Antiderivative

[JenniferC]

Given f '(x) = 2√x + 2 and f(1) = 3, what is f(0)?

f(x) = 4x^3/2 + 2x + C

What do I do next? I'd really appreciate some help.

 

[JeffM]

Given f '(x) = 2√x + 2 and f(1) = 3, what is f(0)?

f(x) = 4x^3/2 + 2x + C

What do I do next? I'd really appreciate some help.

You have actually done the hard part

\(\displaystyle f'(x) = 2\sqrt{x} + 2 \implies \displaystyle \int f'(x)\ dx = \int 2x^{(1/2)} + 2\ dx = \dfrac{4x^{(3/2)}}{3} + 2x + C.\)

\(\displaystyle So\ f(1) = 3 \implies 3 = \dfrac{4 * 1^{(3/2)}}{3} + 2(1) + C \implies\)

\(\displaystyle 3 = \dfrac{4 * 1}{3} + 2 + C \implies 9 = 4 + 6 + 3C \implies -1 = C \implies C = -\dfrac{1}{3}.\)

So what does f(x) equal? So what is f(0)?

If you are given a single value of f(x), you can solve for C.

Edit: As pka says below, you did not write out the antiderivative correctly.

 

[pka]

Given f '(x) = 2√x + 2 and f(1) = 3, what is f(0)?

f(x) = 4x^3/2 + 2x + C

That is incorrect.

\(\displaystyle f(x) = \dfrac{{4\sqrt {{x^3}} }}{3} + 2x + c\)

Then \(\displaystyle 3 = f(1) = \dfrac{{4\sqrt {{1^3}} }}{3} + 2 \cdot 1 + c\) so \(\displaystyle c=~?\)

 

[JenniferC]

You have actually done the hard part

\(\displaystyle f'(x) = 2\sqrt{x} + 2 \implies \displaystyle \int f'(x)\ dx = \int 2x^{(1/2)} + 2\ dx = \dfrac{4x^{(3/2)}}{3} + 2x + C.\)

\(\displaystyle So\ f(1) = 3 \implies 3 = \dfrac{4 * 1^{(3/2)}}{3} + 2(1) + C \implies\)

\(\displaystyle 3 = \dfrac{4 * 1}{3} + 2 + C \implies 9 = 4 + 6 + 3C \implies -1 = C \implies C = -\dfrac{1}{3}.\)

So what does f(x) equal? So what is f(0)?

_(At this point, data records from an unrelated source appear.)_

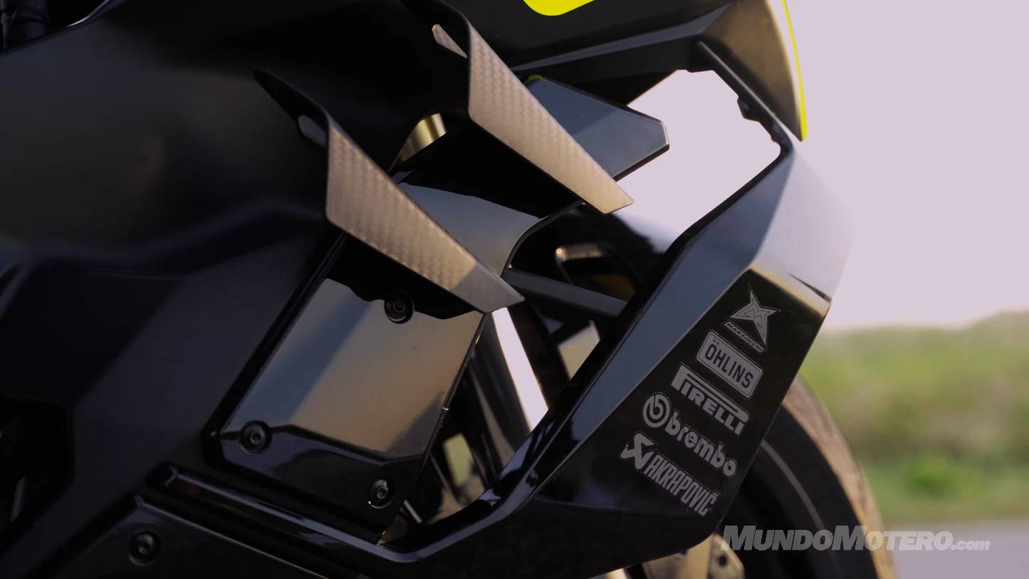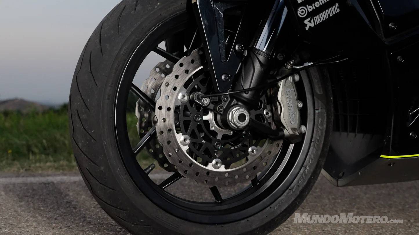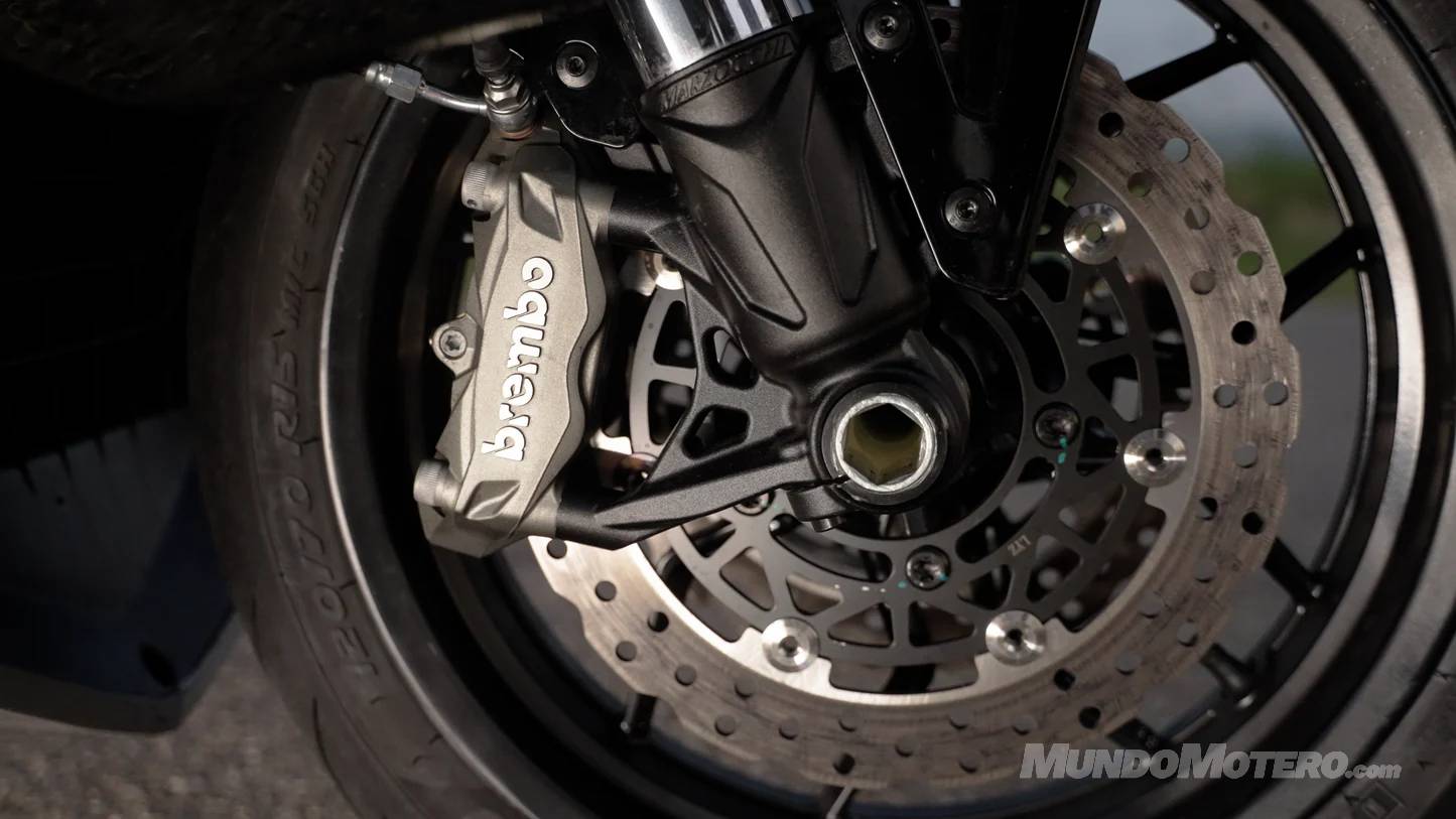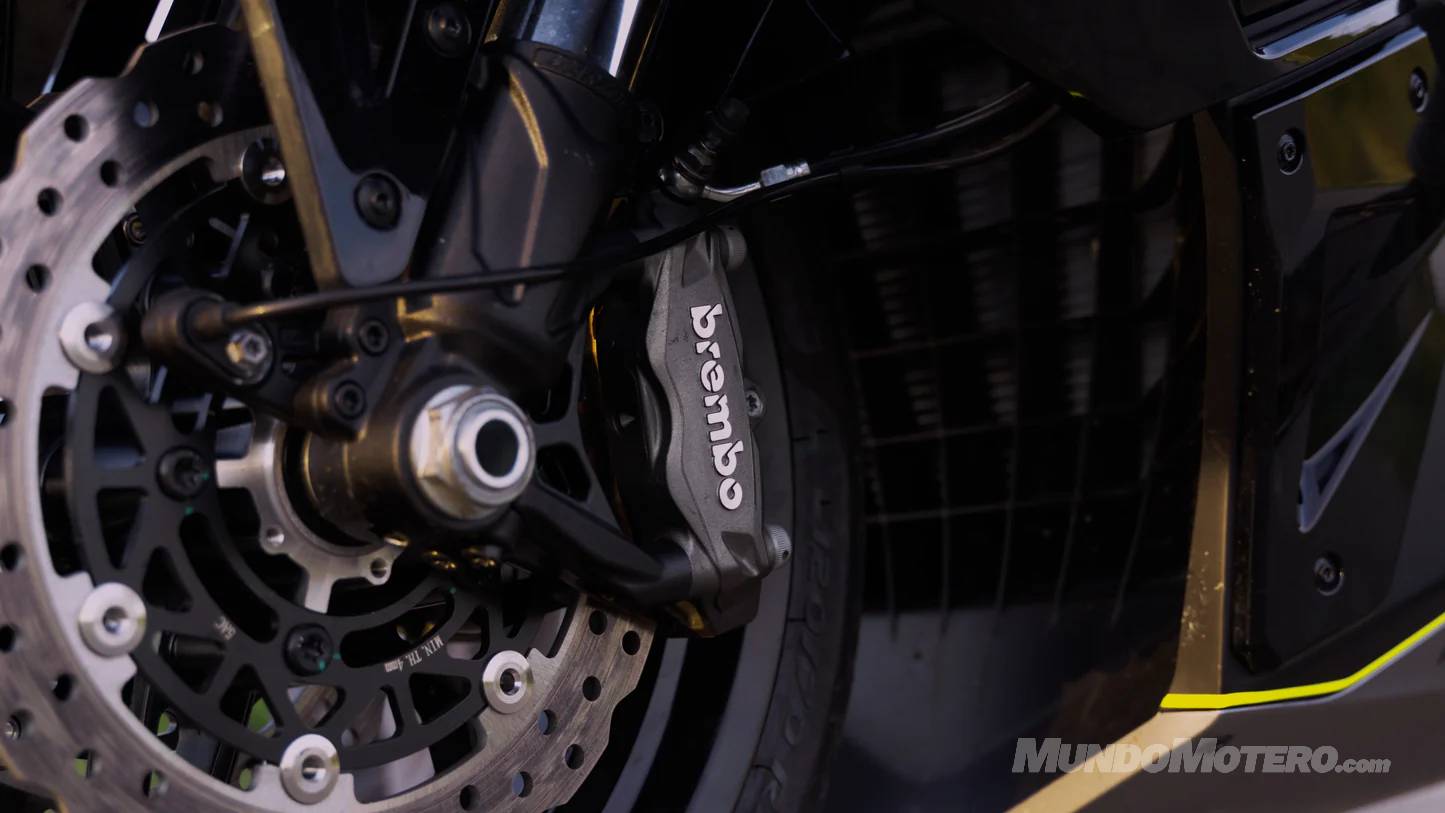 - Frenos: Si vas rápido, necesitas parar bien, y para eso están las pinzas Brembo mordiendo el doble disco delantero.
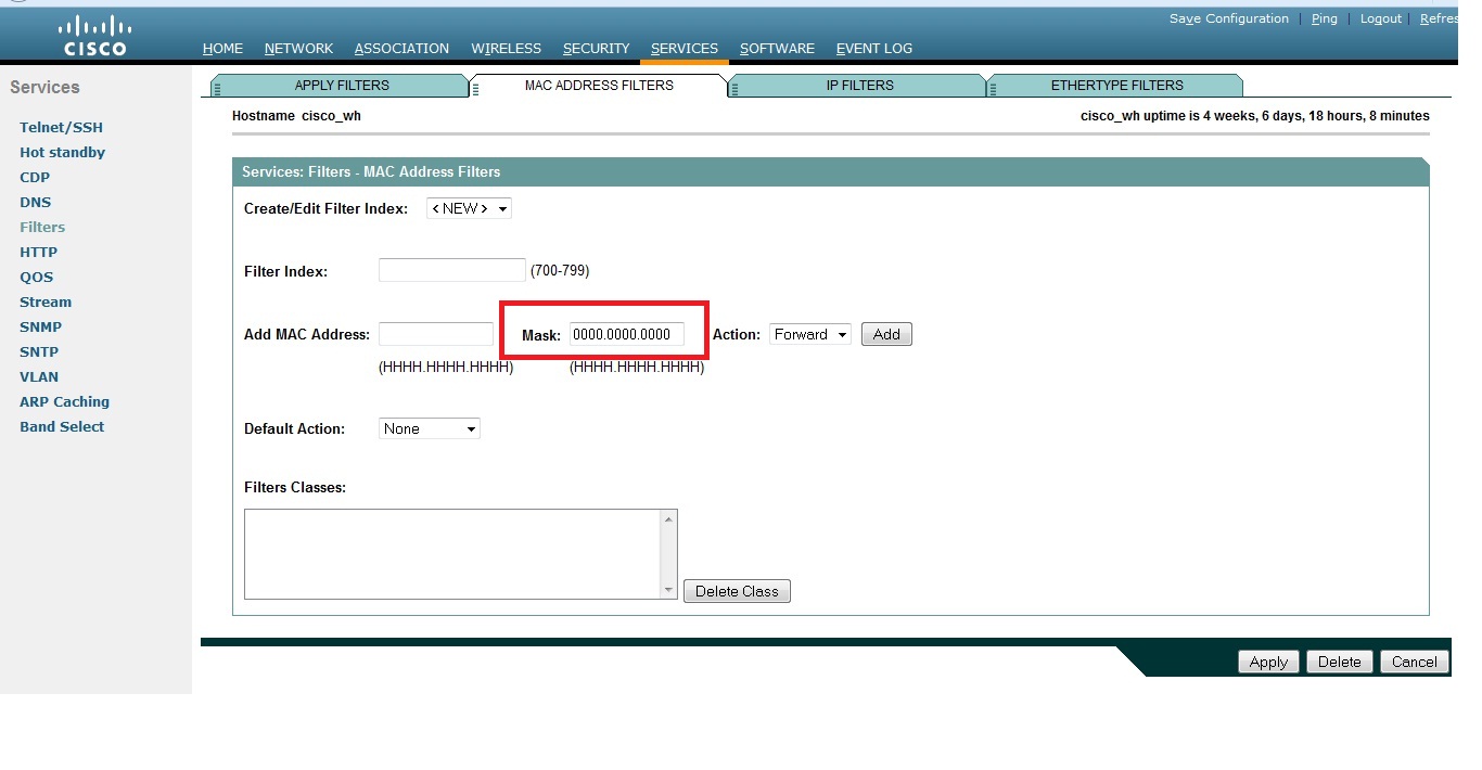 ผมใช้ Access Point Cisco จะทำการ Block Mac Address ในส่วนของรูปด้านล่าง Mask คือต้องใส่อะไรครับ ช่วยผมหน่อยครับ ขอบคุณครับ
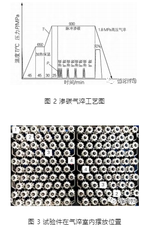 齒輪滲碳氣淬工藝如圖 2 所示,采用 930 ℃ 滲碳后 1.8 MPa 高壓氣淬。在氣淬室內工件整體采用 9 層裝料方式,每層共兩個裝料盤,總共裝 18 個料盤; 每料盤裝 65 個齒輪,共計 1170 個齒輪件,為具體分析每層工件的氣淬均勻性,試驗件擺放位置如圖 3 所示。
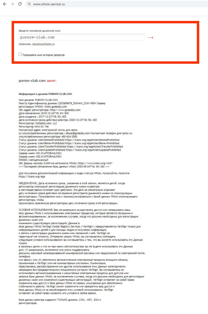 Кто владеет доменом компании аферистов Пурнов Клуб?
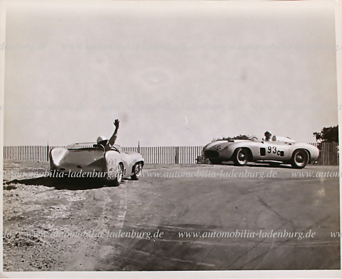 Original b/w photo Pete Lovely on Ferrari 860 Monza (#0604M), Prelimiary Laguna Seca 1958, 20,5x25cm, stamped "George Robitschek"
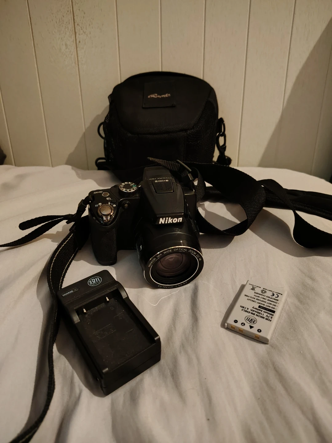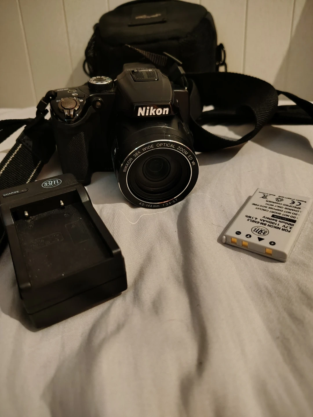 This is a Nikon COOLPIX digital camera. It's black and comes with a carrying case, a battery, and a charger. It features a 36x optical zoom lens.
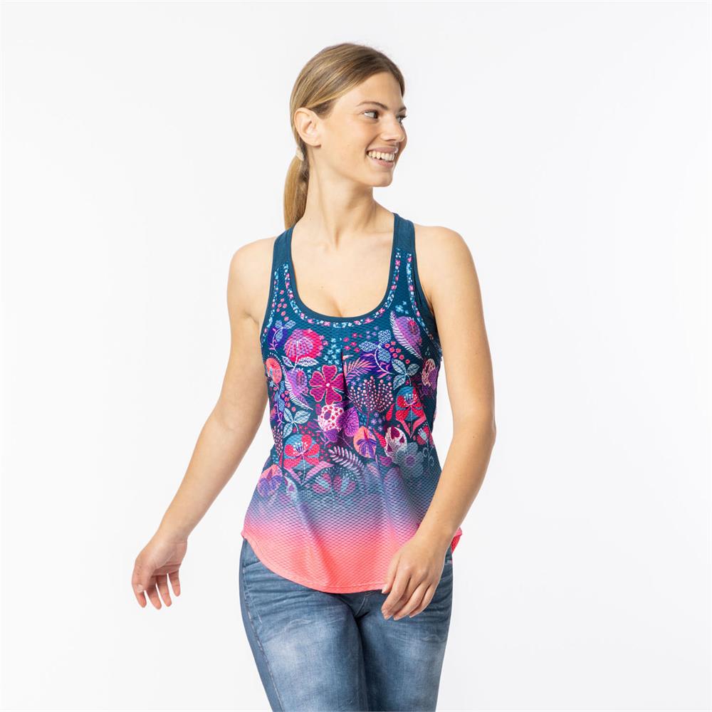 The Break Top is our double-cloth tank top designed for outdoor activities and trekking. Crafted for a stylish look. It stands out for its vibrant prints and bright colors, but it doesn't lack technicality, thanks to the internal fabric in rapid-dry melange microfiber and the external mesh in breathable fabric with quick-drying treatment. It features soft straps and an internal bra with a unique fit.
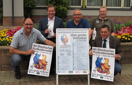 Fünf Tage Jahrmarkt in der Au  Das Organisationsteam mit Bürgermeister Peter Reichert (2.v.l.). (Foto: Claudia Richter)(cr) Fünf Tage Spaß und Unterhaltung verspricht der 80. Eberbacher Kuckucksmarkt vom 28. August bis 1. September. Über 110 Schausteller und Händler kommen auf das Festgelände in der Au.
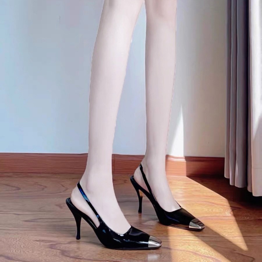 女性のプロフェッショナル 2025 秋冬の女性のための同じ黒のハイヒールの靴パテントレザーメタルスクエアトゥスティレットファッションシューズ
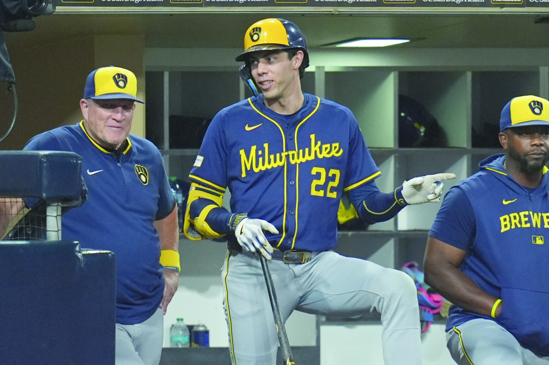Milwaukee Brewers’ Christian Yelich (22) talks with manager Pat Murphy in the dugout during the fourth inning of a baseball game against the San Diego Padres on Monday in San Diego. (AP photo)
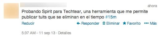 Una vez publicado nuestro mensaje en Twitter, incluyendo la etiquete que define su tiempo de vida, Spirit se encargará de eliminarlo transcurrido el tiempo señalado, sin necesidad de que intervengamos.
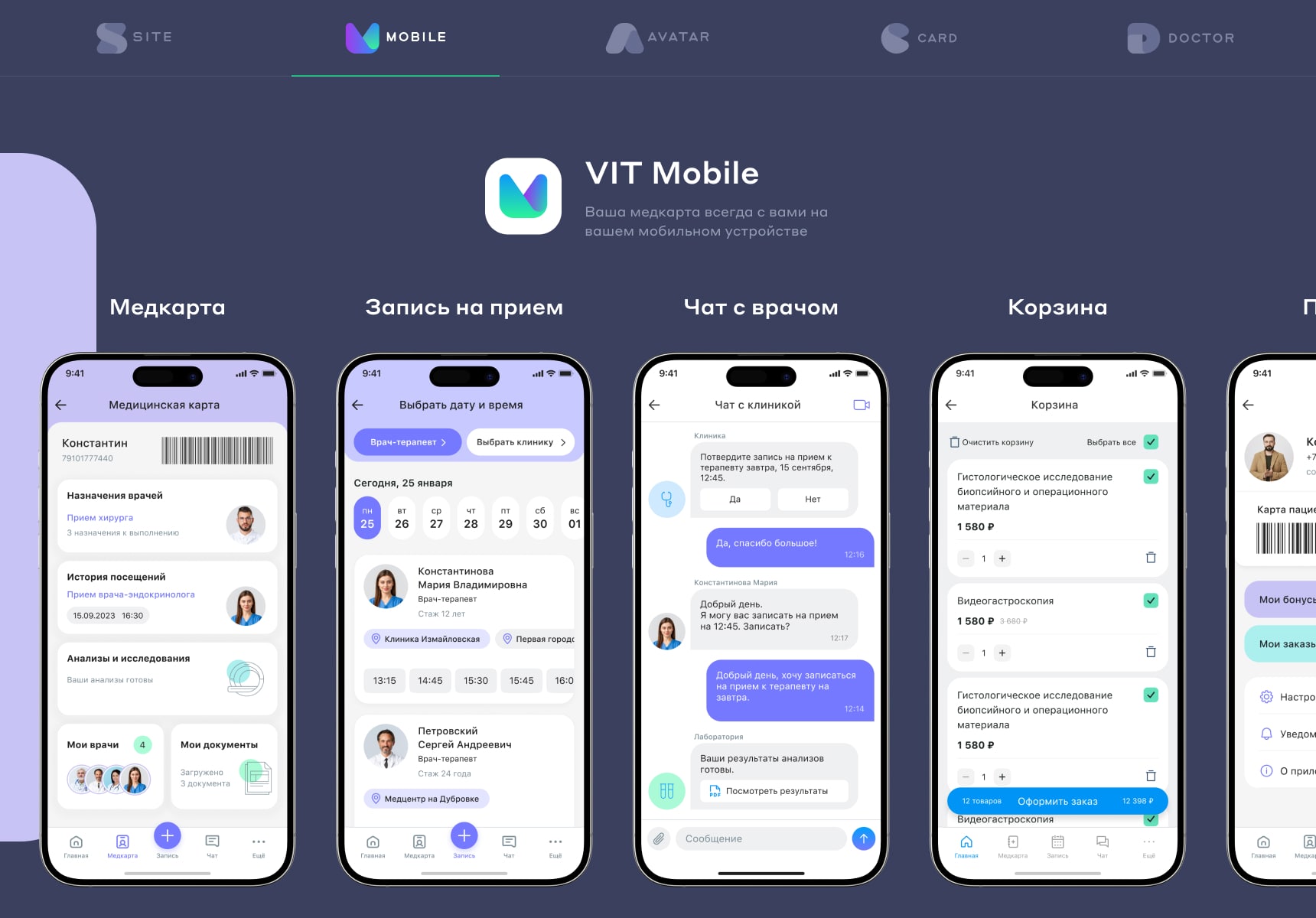 кабинеты пациента и врача, мобильное приложение клиники и цифровой
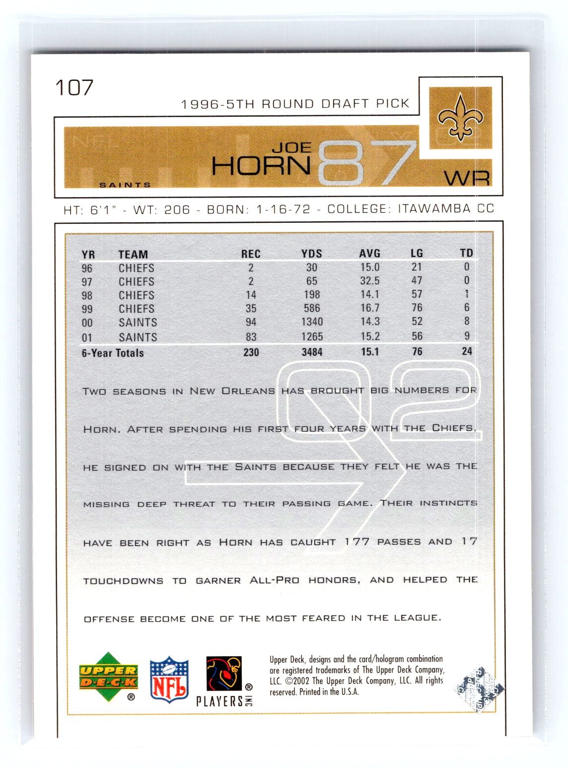 2002 Upper Deck #107 Joe Horn
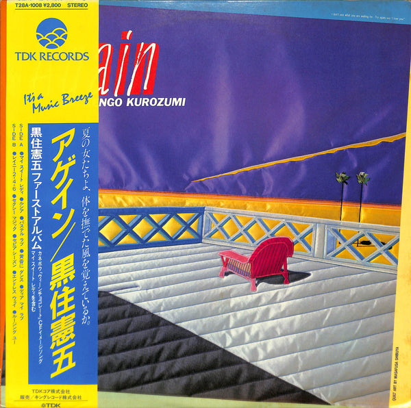 ARTIST: Kengo KurozumiTITLE: AgainLABEL: TDK RecordsCAT: T28A-1008TYPE: VinylFORMAT: VinylCOUNTRY: JapanRELEASED: 1982-10-21GENRE: Funk / Soul, PopSTYLES: Boogie, City Pop, FunkWEIGHT: 270g
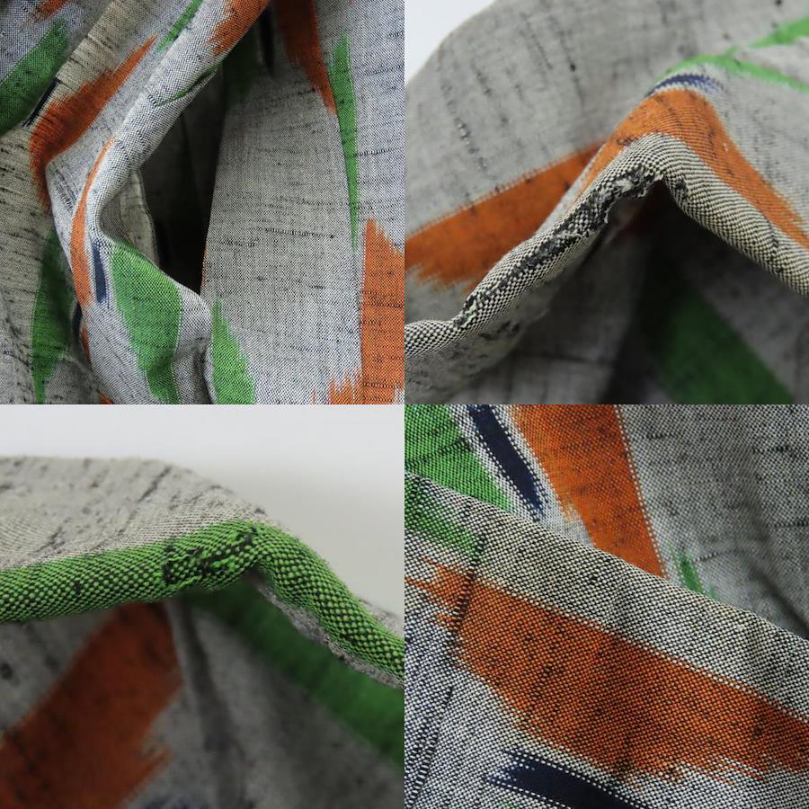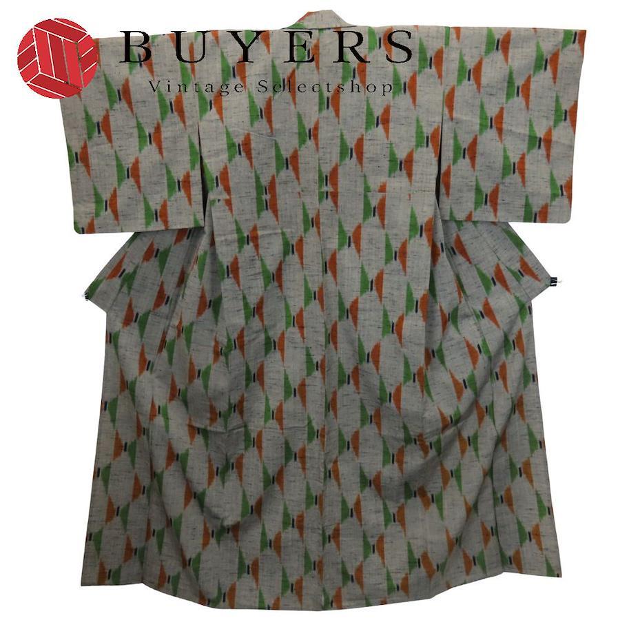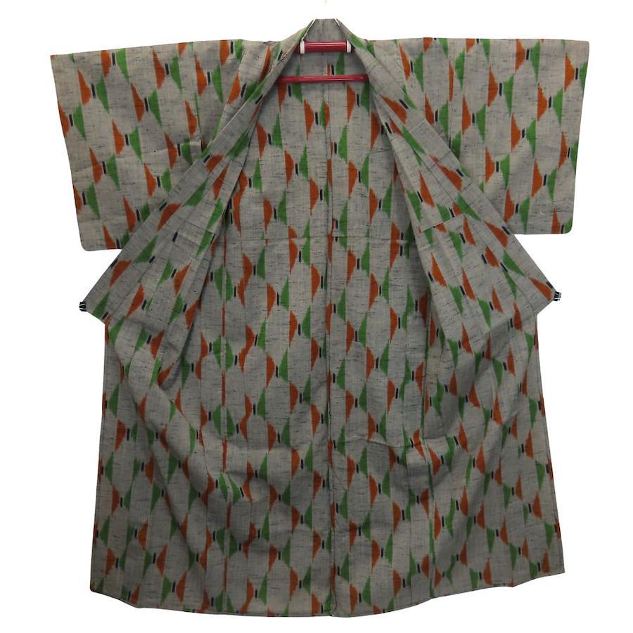 品名【中古】 紬 ウール グレー マルチカラー 単衣 幾何学模様 カジュアル レディース 女性

If you are given a single value of f(x), you can solve for C.

Thank you.

So then the next step would be:

f(0) = (4(0)^3/2)+2(0)-1/3 = -1/3

 

[JeffM]

Thank you.

So then the next step would be:

f(0) = (4(0)^3/2)+2(0)-1/3 = -1/3

Please see my edit to my first post and pka's post. But you have the general idea.

 

[JenniferC]

Please see my edit to my first post and pka's post. But you have the general idea.

Thanks. I left out the "/ 3." You still get the same answer though.

 

[JeffM]

Thanks. I left out the "/ 3." You still get the same answer though.

Having left off the / 3, you would not have calculated C correctly from f(1). You have to get the antiderivative right in the first place to compute C correctly. It is this kind of error that kills you on exams. I am quite confident that you understand antiderivatives and that you now understand when and how you can compute C, but, unless you check your mechanics, you will make careless errors. Pka gave you a better answer than I did because he did check your mechanics.

There is a double lesson here for you. The one intended on when and how C can be found. The other is to remember to differentiate your antiderivative to check that you get the derivative you started with.